» Task description
Repeat the listing below word for word, minus the pictures.

» Given data
· · · · ·

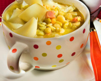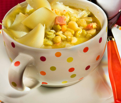 - 4Porter le tout à ébullition, puis baisser à feu doux et laisser mijoter 1 h à couvert, en remuant la soupe de temps en temps. A la fin retirer le laurier et ajouter le Comté râpé.
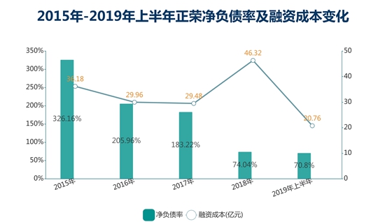 另一方面,通過不斷債務置換,債務結構更多元化,短期借貸比例進一步下降。于2019年6月30日,正榮凈債務與權益比率為70.8%。
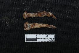 | Description / विवरण | These are fragments of two iron nails. The nail heads are intact. They are are slightly bended from the pointed end, one more than the other. They are fully rusted and fragile. The surface is rough. |

· · · · ·

» Solved exercise
 - 4Porter le tout à ébullition, puis baisser à feu doux et laisser mijoter 1 h à couvert, en remuant la soupe de temps en temps. A la fin retirer le laurier et ajouter le Comté râpé.
 另一方面,通過不斷債務置換,債務結構更多元化,短期借貸比例進一步下降。于2019年6月30日,正榮凈債務與權益比率為70.8%。
 | Description / विवरण | These are fragments of two iron nails. The nail heads are intact. They are are slightly bended from the pointed end, one more than the other. They are fully rusted and fragile. The surface is rough. |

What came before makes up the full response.